I fully understand that we are passionate about social issues and theology and ideology. I appreciate passion. It lets us know that we are alive. But we can discuss; debate; argue; converse without being jerks. Just because we may be assured of our salvation doesn't give us the license to be jerks. After all, we are called to love.

I have to admit, I was angry all Good Friday long. It wasn't until the near end of Good Friday service where I let go of my anger. We have a tradition of taking flash paper, symbolically laying our brokenness on it, nail it to the cross, and watch the paper (and our brokenness) go up in a flash, leaving no trace of the paper (and our brokenness) behind. As I began to nail my flash paper, I realized my own brokenness and darkness. I realized that, sure I may not use degrading slurs — but that I am jerk in many other ways.
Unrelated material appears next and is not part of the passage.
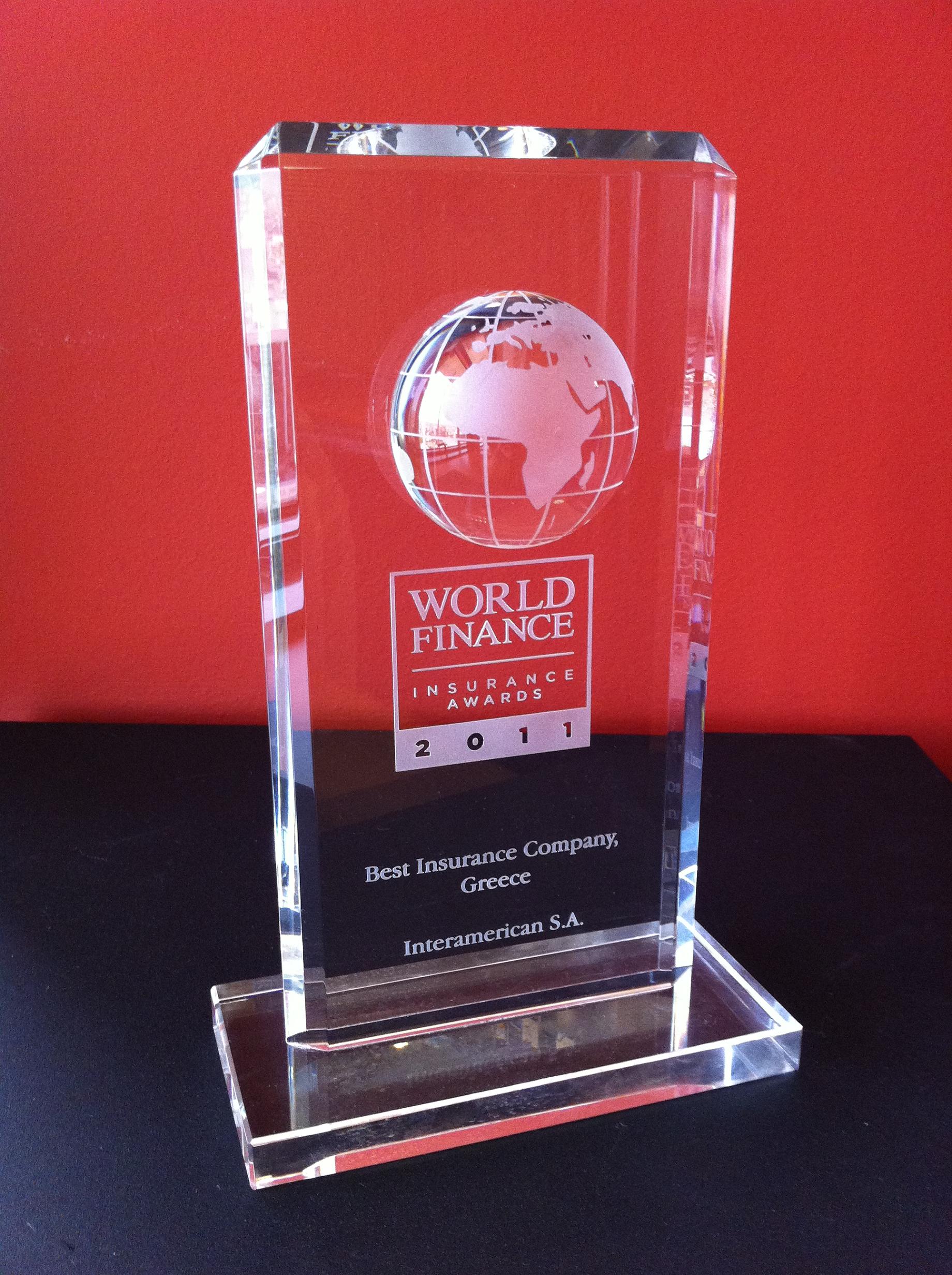 Το διεθνούς κύρους περιοδικού “World Finance” έχει θεσμοθετήσει σε ετήσια βάση ασφαλιστικά βραβεία για τις πλέον διακεκριμένες εταιρείες της παγκόσμιας ασφαλιστικής αγοράς. Όπως το 2010, το περιοδικό συμπεριέλαβε και για το 2011 από την Ελλάδα την Interamerican μεταξύ των κορυφαίων ασφαλιστικών οργανισμών, αναγνωρίζοντας ότι ακολουθεί με συνέπεια τις επίκαιρες τάσεις της αγοράς. Βασικά κριτήρια ήταν η ανάληψη και συνετή διαχείριση κινδύνων με ελαχιστοποίηση της έκθεσης και η εναρμόνιση της εταιρείας με την κοινοτική οδηγία Solvency II, εν όψει της εφαρμογής της, με έμφαση στη δημιουργία αποθεματικών ικανού περιθωρίου φερεγγυότητας. Φωτoγραφία: Το Βραβείο για την Interamerican στα “World Finance Insurance Awards 2011”.

That I am not innocent; that I, too, have done harm.

I can't control what people say or do — but I can control what I say and do.
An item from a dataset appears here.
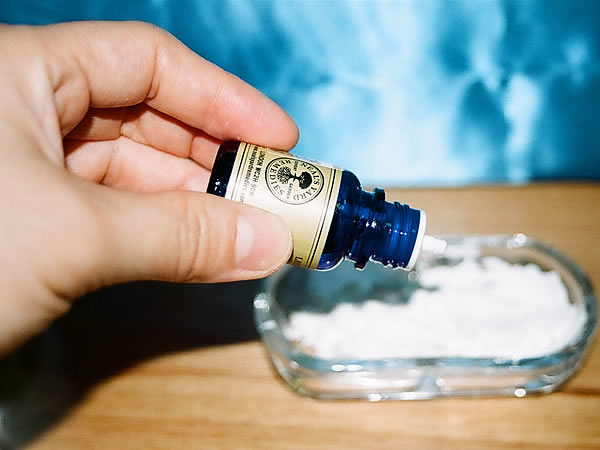 ・天然塩(または重曹、コーンスターチ)大さじ3+精油4~5滴を小さい容器か布製の袋にいれて置いておきます。

Shane Claiborne wrote that we could be the only Jesus someone may ever see/encounter.

And though I (will) fail quite often, I need to continue to try to be the best representative; the best ambassador for Christ that I am called to by

doing no harm, doing good, and stay in love with God.

 

Prayer Journal

 

Recently, I bought a Leuchtturm 5 Year Journal. It was, by far, the most expensive journal I have ever bought ($30).

But it's supposed to last you 5 years and gives you just a little bit of space per day.
I've been using it as a daily prayer journal. I've always liked writing my prayers down. I don't know why — and yes, I started doing this way before the movie or the book “The Help” came out (one of the main characters writes her prayers down as well).
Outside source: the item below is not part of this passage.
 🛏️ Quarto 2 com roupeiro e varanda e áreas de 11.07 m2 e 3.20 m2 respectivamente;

I guess one of the reasons why I do it is, for one, it helps me to pray. I know that prayer should be automatic for us pastors. I can't speak for anyone else, but for some odd (and bad) reason, prayer is one of the first things that I forget to do. For reasons I can't really explain, journaling just helps me to remember to pray.

Another reason is that I enjoy looking back at my prayers weeks; months later. I like to see where my state of mind and soul were . I like to see how God answered my prayers because I learned that a lot of my prayers were answered, just not in the way I hoped, expected, or wanted it them to be answered.

With this new journal, I don't have that much space to focus on prayer requests. But it's a good thing, because often times, we treat prayer no differently than our wish list on Amazon. It helps me to frame my thoughts; my relationship with God; overall, reflect on who God is in my life.

I've had the journal for about a month and already there are days that I missed in my attempts to daily write my prayers. Looking back, I have to ask — what the heck? What was so wrong with my day that I didn't take time to pray? And usually, it takes me about 10 minutes (pray silently; write down as I pray; pray silently) — because the space I'm given is limited. How whack were my priorities that day that I did not pray? There's never a legitimate excuse. As Bill Hybels said, “If you're too busy to pray, you're too busy.” Yes, I do feel guilty about those empty slots in the journal. But bigger than the guilt, I am given a chance to correctly prioritize my day for the following day.

I can't overstate how important and vital prayer is to my (and everyone else's) soul, life, and faith journey. Unfortunately, I just need all the help I can get to remind me to pray. Journaling my prayer has helped immensely and I'd recommend everyone to keep a journal of their prayers.